* Task details:
Beginning with the line containing "- Putz-Klinker-Fassade, Mittelrisalit" and ending with the line containing "พระปิดตาเมตตาเนื้อผงคลุกรักปิดทอง ปี2517 สร้างพร้อ", write out each line of the records below exactly; pictures and lines outside that range are left out.

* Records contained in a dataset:
# # # #

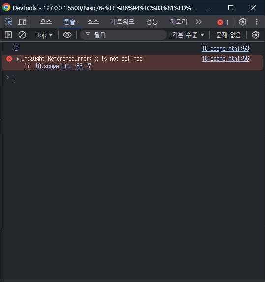 맨 밑줄에 사용한 변수 x는(console.log(x)) 변수 x가 유효하지 않은 곳에서 사용한 것이기에
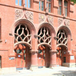 - Putz-Klinker-Fassade, Mittelrisalit mit Giebel, Fensterverdachungen, Portal mit neogotischen Formen
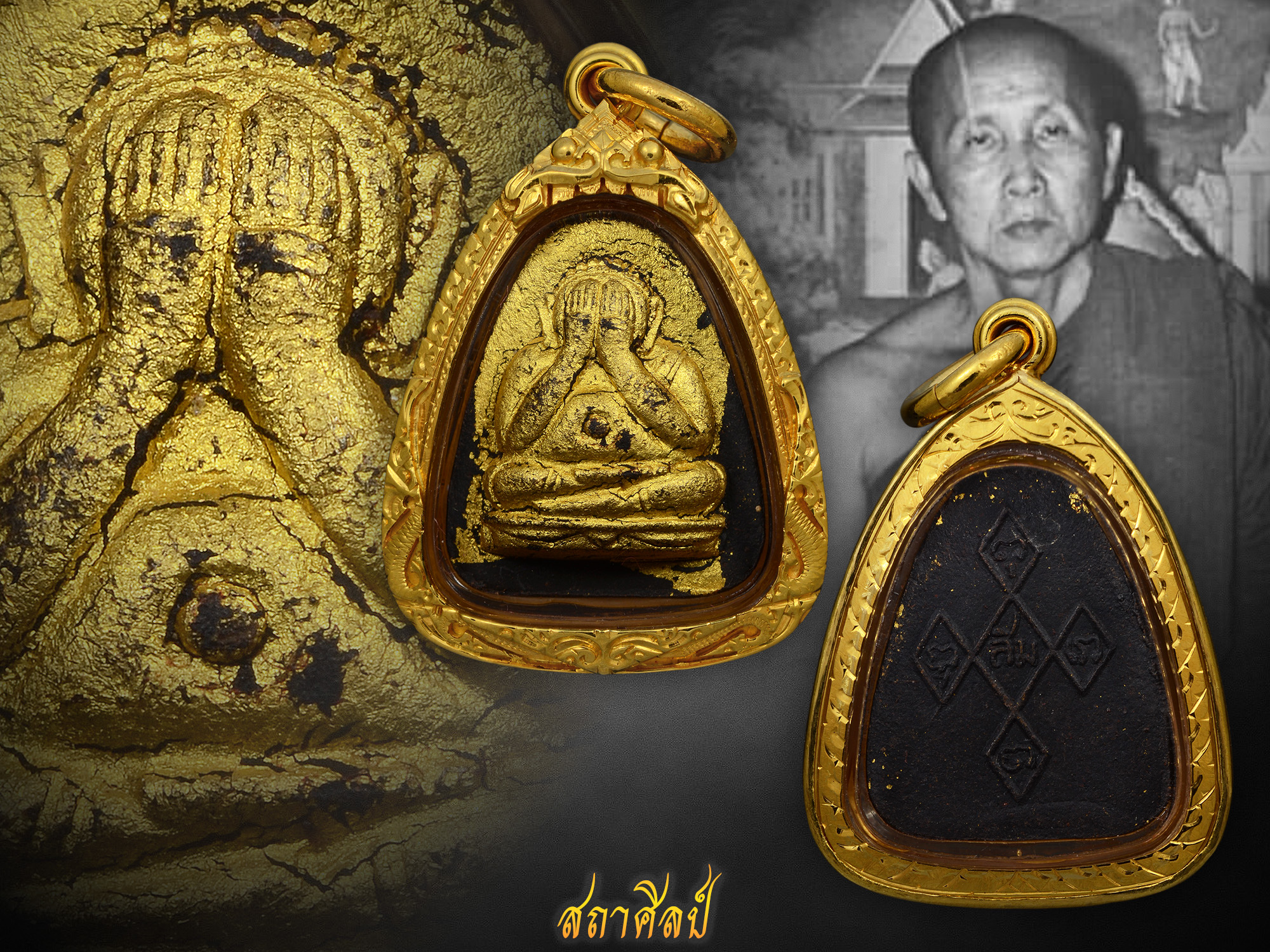 พระปิดตาเมตตาเนื้อผงคลุกรักปิดทอง ปี2517 สร้างพร้อ
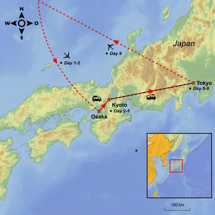 This trip lets you experience the essence of Japan. From the old capital of Kyoto and its history with a deep-rooted culture of respect, neat order and old traditions to the hyper-modern capital of Tokyo with its Imperial Palace, manga culture and the ultra-rich Ginza district. Kyoto’s well-preserved city view with its low, thin-walled wooden houses with sliding doors give you an impression of the Japan of the past, whereas in Tokyo you experience mega-stations, modern architecture and skyscrapers.
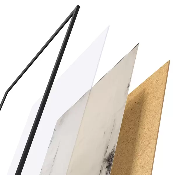 Plagát sa skladá z rámu, plexiskla, vytlačeného obrazu a podkladu z drevotriesky. Plagát možno okamžite zavesiť na stenu vďaka úchytom na zadnej strane.

# # # #

* Solution:
 - Putz-Klinker-Fassade, Mittelrisalit mit Giebel, Fensterverdachungen, Portal mit neogotischen Formen
 พระปิดตาเมตตาเนื้อผงคลุกรักปิดทอง ปี2517 สร้างพร้อ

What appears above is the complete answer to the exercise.